To support their work, Song and his team use a range of deep learning techniques such as convolutional neural networks. This advanced deep learning architecture emulates the neuron organisation found in visual cortexes to help analyse images, video, and other data. The technology can automate the extraction of important features that help guide the materials-analysis process, lessening the need for human involvement.
SIMPLIFYING COMPUTATIONAL MATERIALS DESIGN
Andrew Medford is focused on developing materials informatics techniques to find novel materials more quickly. He is working with machine learning, probability theory, and other methods that can locate key information in large datasets and point the way to promising new formulations.
Highly accurate materials analysis is now available, thanks to density functional theory, quantum chemistry, and other advanced techniques, he explained. These approaches use first-principles physical methods to calculate the properties of complex systems at the atomic scale.
But these approaches have two drawbacks, said Medford, a postdoctoral researcher in the School of Mechanical Engineering (ME) who works with ME Professor Surya Kalidindi and will join the School of Chemical and Biomolecular Engineering faculty in January. First, they require large amounts of computational time; second, they produce huge datasets where critical information can be hard to find.
“So the next step is learning how to fully exploit the data we generate,” Medford said. “Hundreds of thousands of different potential compounds might work for a specific application, and performing complete calculations on more than a select few isn’t possible.”
The key, he said, is finding ways to use existing materials-related data, along with novel informatics approaches, to more effectively search “high dimensional” problems — datasets that contain many different materials attributes. Developing the right data science techniques is critical to this effort, including better ways to generate, store, and analyse datasets with effective big data techniques, and better ways to organise collaborating communities of researchers to help build materials databases.
One major issue involves integrating the sheer variety of available technologies, including various types of datasets, computational methods, and data storage systems. Also needed are more effective ways to predict the accuracy of the data being generated; for example, improving data processing techniques, such as uncertainty quantification, used to gauge information dependability.
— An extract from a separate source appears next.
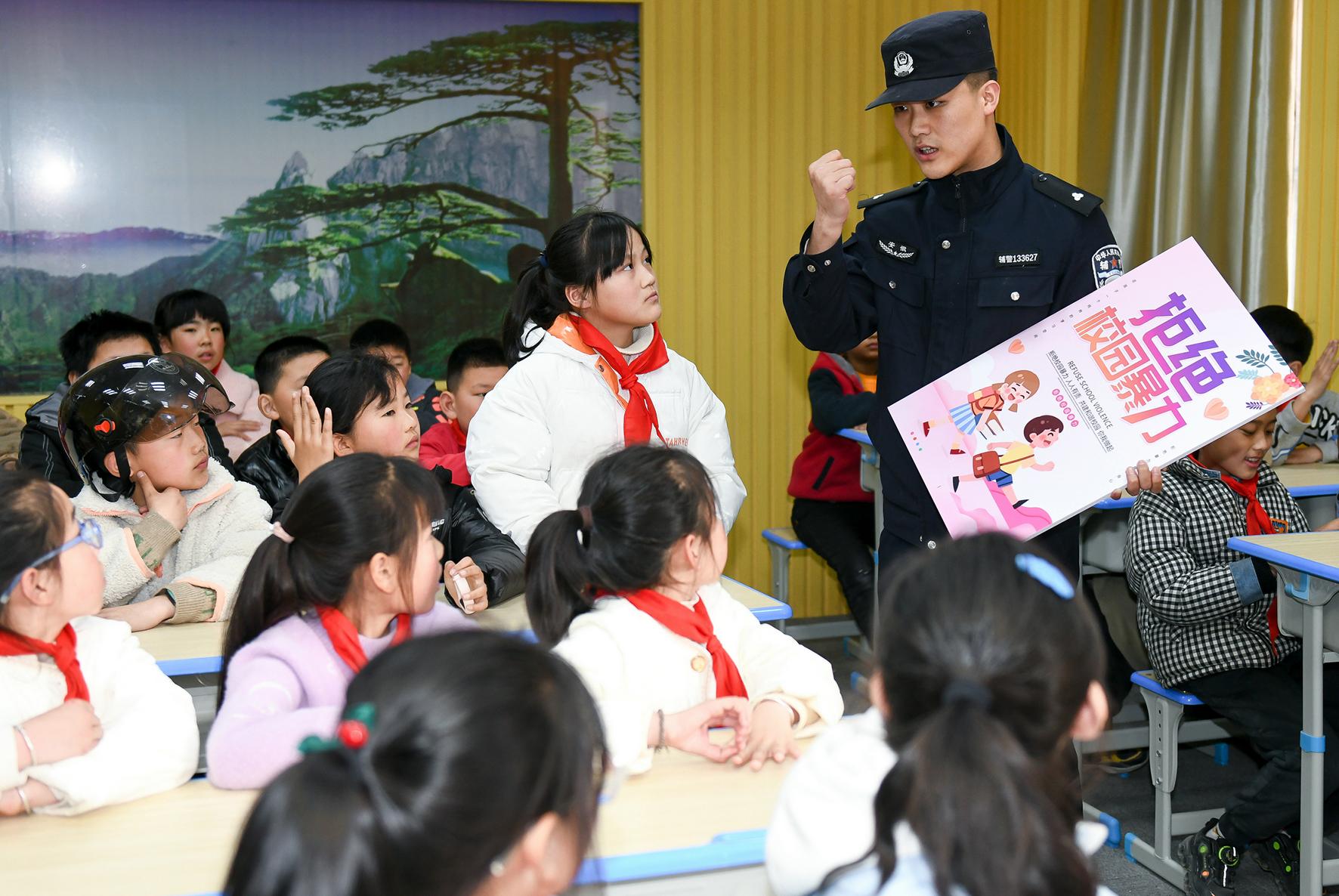 3月27日,安徽省馬鞍山市和縣公安局石楊派出所民警在石楊鎮(zhèn)中心小學(xué)開展“拒絕校園暴力”法治講座。

One typical challenge, Medford said, involves a highly important class of materials: catalysts used to process synthetic or bio-derived fuels. Investigators must screen fuel compounds and biomass precursors so complex that calculating properties for even a single potential reaction pathway is computationally overwhelming.
The good news is that the fundamental chemistry of these systems involves only a few basic organic elements — carbon, hydrogen, and oxygen — which bond in a limited number of ways. This insight could simplify the high dimensional informatics challenge involved in finding candidate materials.
“Novel data-driven approaches can reduce the complexity of these systems into a few key descriptors,” Medford said. “That can provide a route to rapid computational screening of potential materials for synthetic fuel catalysts and help bring more effective processing methods to industry much faster.”
One thing is certain: The Material Genome Initiative is important to U.S. economic development, and cyber-enabled materials have a key role to play in that effort. Georgia Tech research teams will continue to research and develop ways to reduce the time and cost involved in moving advanced materials from the supercomputer and the laboratory to real-world applications.